● **What you are asked to do**:
There are pictures in the records below; leave them out and set down exactly the lines from the one holding "pie de calle." through the one holding "Bild: Unternehmenswerte von Denk mit Kita".

───── Materials provided ─────

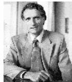
Bertel Haarder, tidl. undervisningsminister og MF for Venstre.

Forældres ret til selv at undervise deres børn er en grundpille i dansk skolefrihedstradition, som ikke lader nogen i tvivl om forholdet mellem stat og borger i Danmark.
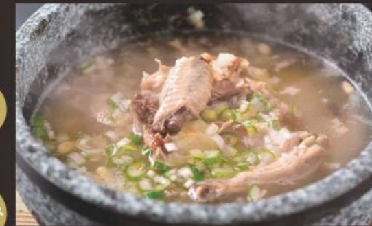
厳選食材をコクのある スープで仕上げた自慢の一品 サムゲタン 1,200円 サラダ、おつけもの付
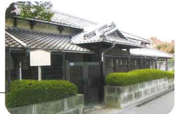
明治33年に建てられた旧新田小学校
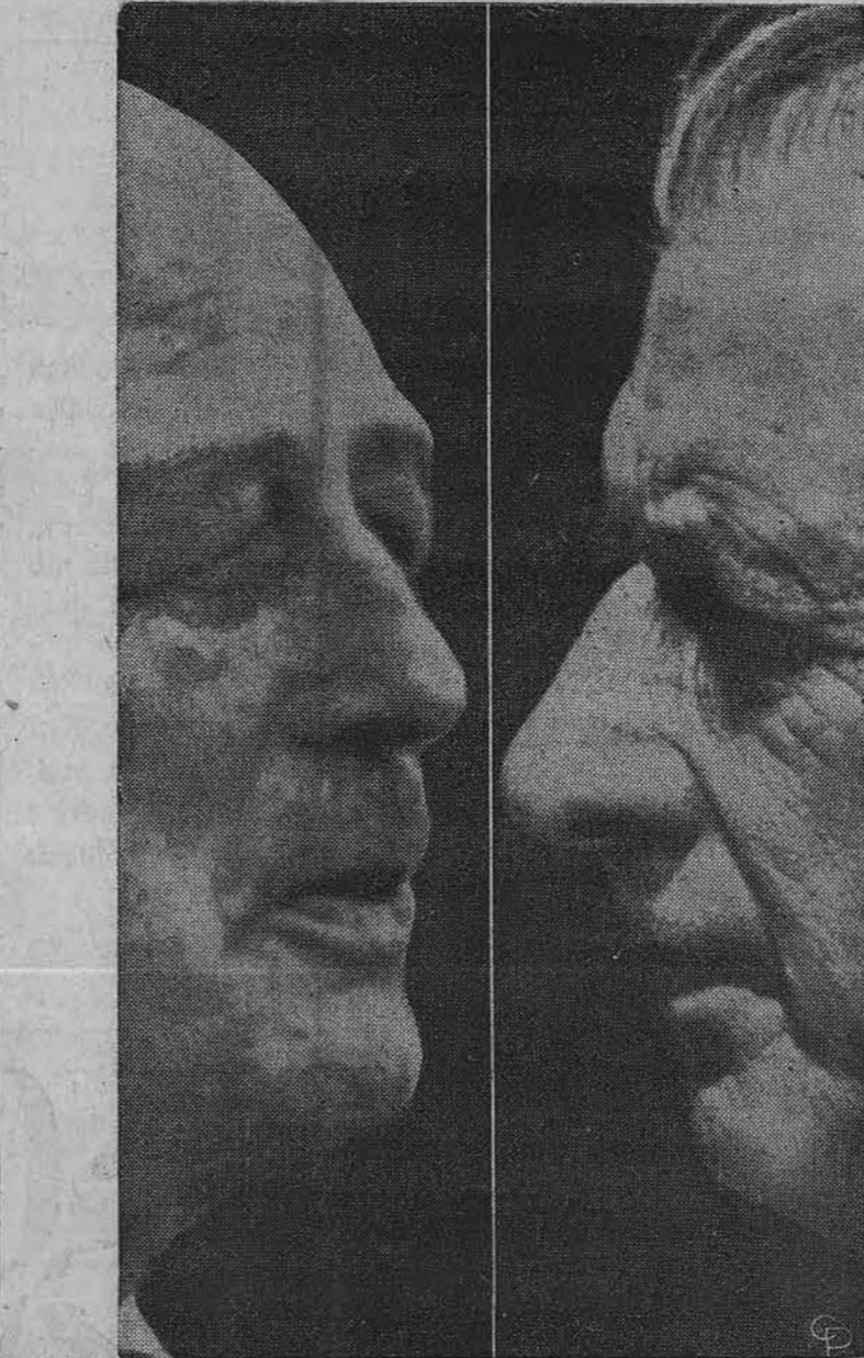
Britų premjeras Macmillan ir Prancūzijos prezidentas Charles de Gaulle taršis Paryžiuje gruodžio 15-16 d. d. tarptautiniais klausimais.

— Indonezijos gyventojas. Toje Naujosios Gvinėjos dalyje, kurią olandai sutiko atiduoti Indonezijai, gyvena apie 750,000 papuasų. Indonezijos sostinė Jakartoj gyvena apie 3 milijonai žmonių, o iš viso Indonezijoje yra per 97 milijonus gyventojų. Pagal gyventojų skaičių Indonezija yra penktoji valstybė pasaulyje: pirmoj vietoj Kinija, antroj Indija, trečioj Sovietų Sąjunga.
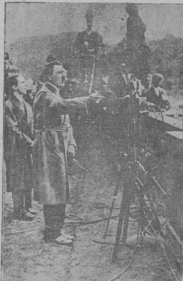
He aquí la figura que preocupa a todo el mundo. Hitler ha sido derrotado por Hindenburg en las elecciones a la Presidencia del Reich, pero los 13 millones y medio de votos que ha obtenido Hitler demuestran que su poder es grande ya que los demás partidos coaligados, excepto el comunista, han obtenido 19.700.000 votos, por lo que de un momento a otro puede mandar en Alemania
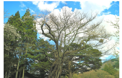
撮影日：4月27日（月）写真中央
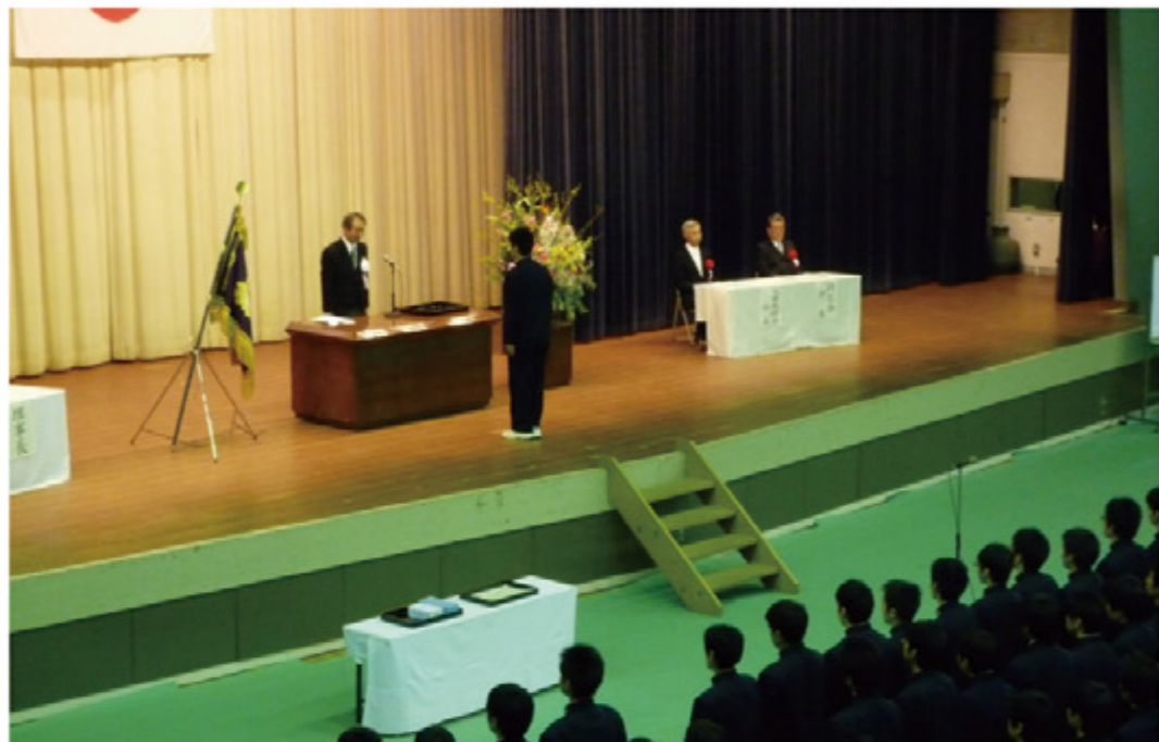
590名が新たなページをめくる！
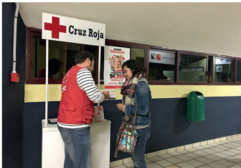
■ Un voluntario de Cruz Roja realiza captación de socios a pie de calle.

A finales de 2015 la Institución registró 64.451 socios en toda la comunidad autónoma, es decir, un 2,2% más que el año anterior, pero aun así es necesario un mayor apoyo de la sociedad para hacer frente a la situación de los colectivos más desfavorecidos. Gracias a estas aportaciones, que suponen cuotas a partir de tan solo 6 eu-
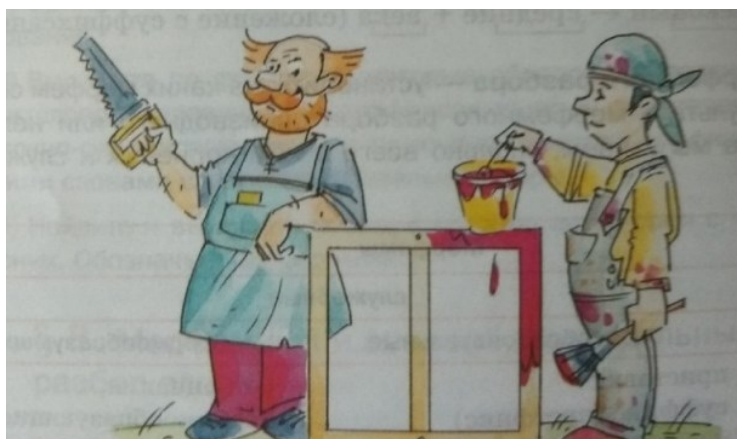
Рис. 2. Иллюстрация из учебника русского языка 6 класса [Шмелев, Флоренская, Пешков, Шмелева, 2014]

В учебниках по гуманитарным предметам обращения к мужским образам составляют 62,3 % от всех гендерно-окрашенных упражнений, а к женским — 37,7 %. Частота обращений к мужским профессиям в учебниках гуманитарного цикла в среднем в 2,5 раза превышает упоминание женских. Причем спектр «мужских» профессий намного богаче. В учебниках по гуманитарным предметам основной сферой занятости мужчин является спорт (22 %), затем армия, полиция и военно-промышленный комплекс (по 12 %), далее следуют IT-сфера и сельское хозяйство (по 8 %), представлены сферы торговли, образования, здравоохранения и другие (рис. 2).
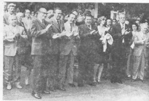
Prisrčno srečanje za »Dan Rečanov« je bilo letos v Ljubljani in kot vedno zelo prisrčno
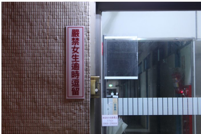
各大男宿前，都貼了嚴禁女生逾時逗留的牌子。（攝影/李宜融）
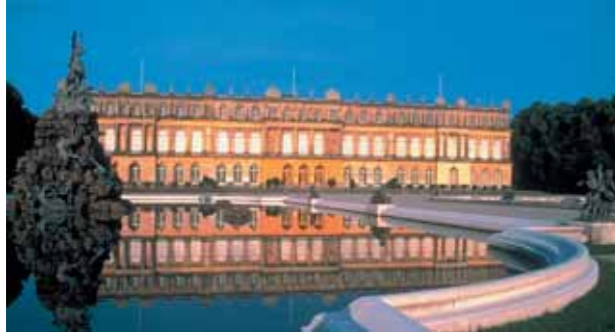
Chiemsee Tourismus KG
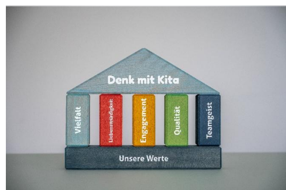
Bild: Unternehmenswerte von Denk mit Kita

Deswegen haben wir uns als Denk mit Kita nicht nur die Werte Engagement und Liebenswürdigkeit vorgenommen, die im Einflussbereich der einzelnen Person liegen, sondern auch den Wert Teamgeist, weil wir der Überzeugung sind, dass die Qualität unserer Arbeit nur im Team erhalten und ausgebaut werden kann. Ein gut funktionierendes, eingespieltes Team wiederum besteht aus engagierten und liebenswürdigen Teammitgliedern, die sich mit diesen Eigenschaften und ihren persönlichen Kompetenzen und Ressourcen eigenverantwortlich in das Team einbringen.
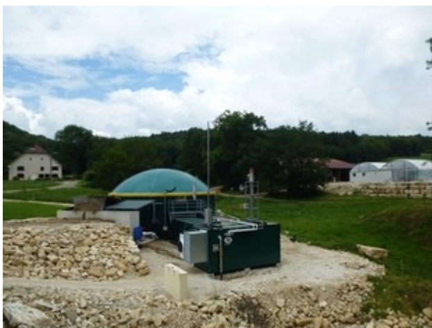
Illustration 1: Méthanisation au GAEC du Puy de la Velle, Villers Saint Martin (25)

Cet usage de proximité n'est certes pas une fin en soi au regard de la mobilisation supplémentaire attendue, mais correspond à une volonté régionale affirmée au regard d'une ressource, certes renouvelable mais néanmoins à terme limitée.
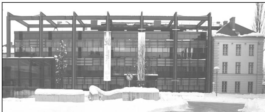
Stavba NMS z dvorišča od Metelkove ulice (foto: Maja Lozar Štamcar (NMS)).
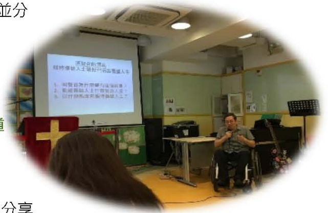
將軍澳基督徒會講道
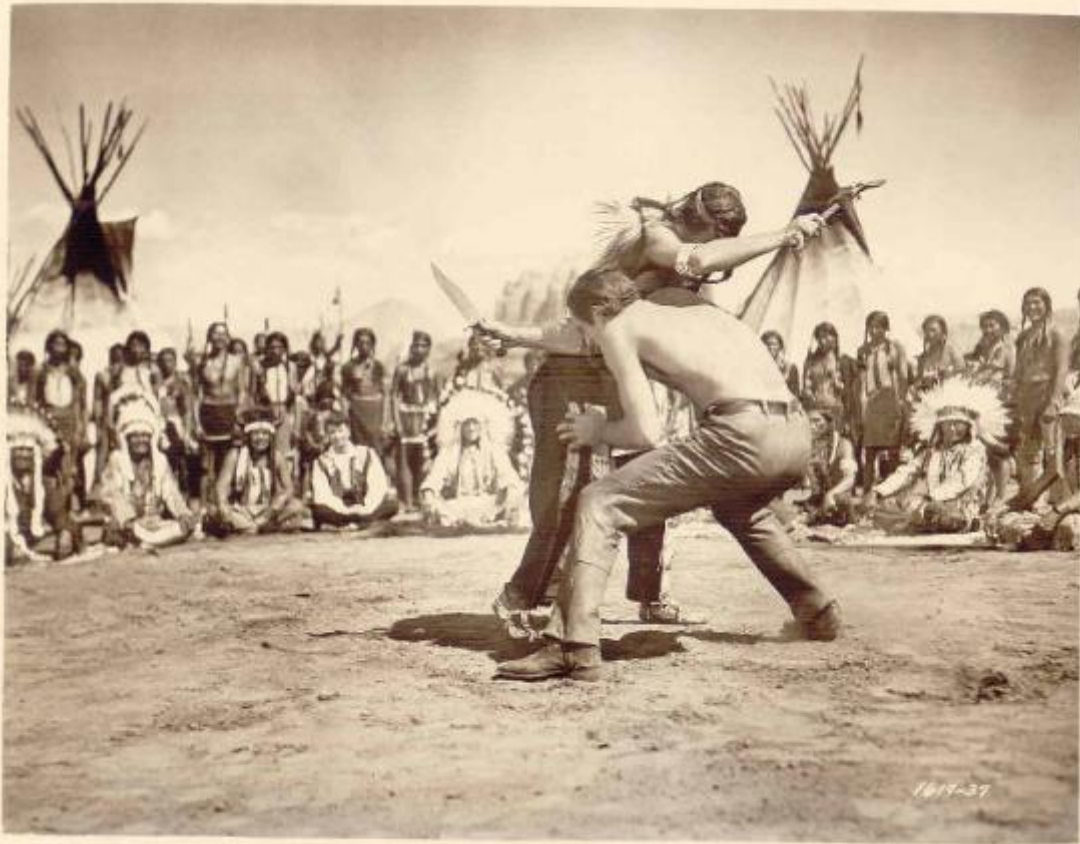
"COMANCHE TERRITORY" - A Universal-International Picture. Copyright 1950 Universal Pictures Company, Inc. Permission granted for newspaper and magazine reproduction. Any other use, including revision, prohibited. Printed in U.S.A.
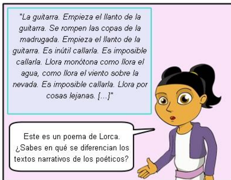
Ilustración. La guitarra.

─────

● **Solution**:
■ Un voluntario de Cruz Roja realiza captación de socios a pie de calle.

A finales de 2015 la Institución registró 64.451 socios en toda la comunidad autónoma, es decir, un 2,2% más que el año anterior, pero aun así es necesario un mayor apoyo de la sociedad para hacer frente a la situación de los colectivos más desfavorecidos. Gracias a estas aportaciones, que suponen cuotas a partir de tan solo 6 eu-
Рис. 2. Иллюстрация из учебника русского языка 6 класса [Шмелев, Флоренская, Пешков, Шмелева, 2014]

В учебниках по гуманитарным предметам обращения к мужским образам составляют 62,3 % от всех гендерно-окрашенных упражнений, а к женским — 37,7 %. Частота обращений к мужским профессиям в учебниках гуманитарного цикла в среднем в 2,5 раза превышает упоминание женских. Причем спектр «мужских» профессий намного богаче. В учебниках по гуманитарным предметам основной сферой занятости мужчин является спорт (22 %), затем армия, полиция и военно-промышленный комплекс (по 12 %), далее следуют IT-сфера и сельское хозяйство (по 8 %), представлены сферы торговли, образования, здравоохранения и другие (рис. 2).
Prisrčno srečanje za »Dan Rečanov« je bilo letos v Ljubljani in kot vedno zelo prisrčno
各大男宿前，都貼了嚴禁女生逾時逗留的牌子。（攝影/李宜融）
Chiemsee Tourismus KG
Bild: Unternehmenswerte von Denk mit Kita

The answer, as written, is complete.